- Location: Jaffna District, Sri Lanka Kilinochchi District, Sri Lanka
- Coordinates: 9°35′N 80°15′E﻿ / ﻿9.583°N 80.250°E
- Type: Lagoon
- Primary outflows: Indian Ocean
- Surface area: 400 square kilometres (150 sq mi)
- Surface elevation: Sea level

= Jaffna Lagoon =

Body of water in northern Sri Lanka

Jaffna Lagoon is a large lagoon off Jaffna District and Kilinochchi District, northern Sri Lanka. The lagoon is surrounded by the densely populated Jaffna Peninsula containing palmyra palms, coconut plantations, and rice paddies. There are numerous fishing villages and some salt pans. The lagoon has extensive mudflats, seagrass beds and some mangroves. The lagoon attracts a wide variety of water birds including American flamingoes, ducks, gulls, terns and other shorebirds.

==Jaffna Lagoon==
Jaffna Lagoon is a shallow coastal stretch of water between the Jaffna and the Kilinochchi Districts in northern Sri Lanka. It is located between the longitudes of 79°54E and 80°20E, and the latitudes of 9°30N and 9°50N, and connected to Palk Bay through a channel to the west. It is connected to two internal lagoons, Vadamarachchi Lagoon and Uppu Aru Lagoon, and the external Chundikkulam Lagoon (sometimes known as Elephants Pass Lagoon). The lagoons receive fresh water from their catchment areas, contain brackish or saline water and are connected to the sea; sandbanks sometimes form across the channels connecting them to the sea and at other times, these are washed away.
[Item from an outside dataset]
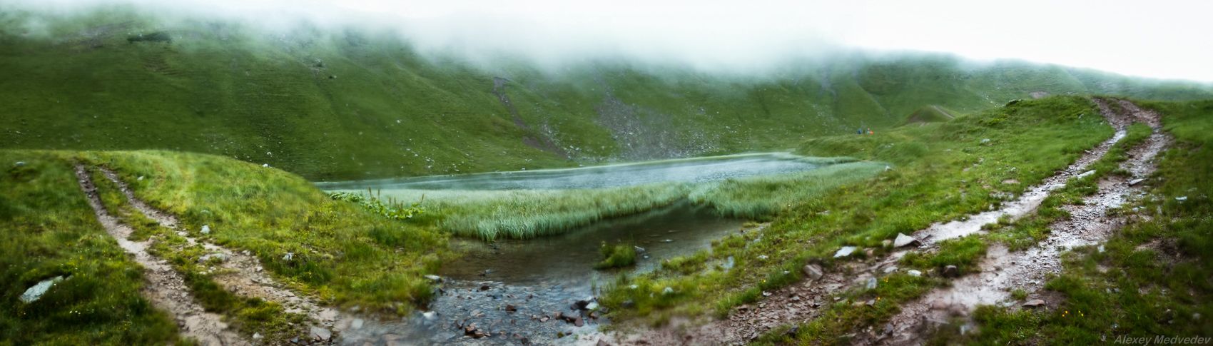 Украина, Свидовецкий хребет, Спуск к горному озеру Догяска. фантастическое зрелище! зависшее в нескольких метрах над головой облако так и намекает: "а ну ка подпрыгни,зацепись" :)

The shores of the lagoon are largely sand, shingle and mud, with many small creeks. There are some mudflats, saltmarshes and areas of scrubby mangrove. The area round the lagoon is marshland bordered by thick jungle with dense undergrowth. There are disused saltpans and marshy scrubland, as well as coconut plantations and fishing camps, but little human occupation.

== History ==
The town has been inhabited by Tamils since they arrived on the island. It is used by fishermen across the North, who have used the lagoon for fishing purposes. In the 15th century, the region came under the control of the Portuguese, who built a fort in the area due to its strategic position overseeing the lagoon. Later, the region came under the control of the Dutch in 1658, the British in 1796, before finally coming under the control of Sri Lanka after it gained independence in 1948. During the Sri Lankan Civil War, the area was critical for the LTTE, as the lagoon was used to smuggle in weapons and funds from abroad. In addition, the lagoon was also used to ferry civilians between the Vanni and Jaffna. Many battles in the region were fought with the main or one of the main objectives being to solidify control over the lagoon and the surrounding area, such as in Pooneryn and Elephant Pass. Both sides in the conflict planted land mines, including in the shallow waters of the lagoons. As a result of the conflict, much of the civilian population left the surrounding areas, either to nearby major towns and cities, or as refugees abroad. Most of the land mines have now been cleared, bringing the possibility of introducing increased ecotourism.

==Flora and fauna==
The lagoon is very shallow, mostly under 2 m deep, but in some places reaches 4 m. There are extensive areas of seagrass meadows, with shrimps and various species of fish. Plants growing on the shore include the coconut palm, doub palm, Ipomoea pes-caprae, and Calotropis gigantea, Azadirachta indica, Cynodon dactylon and Argemone mexicana.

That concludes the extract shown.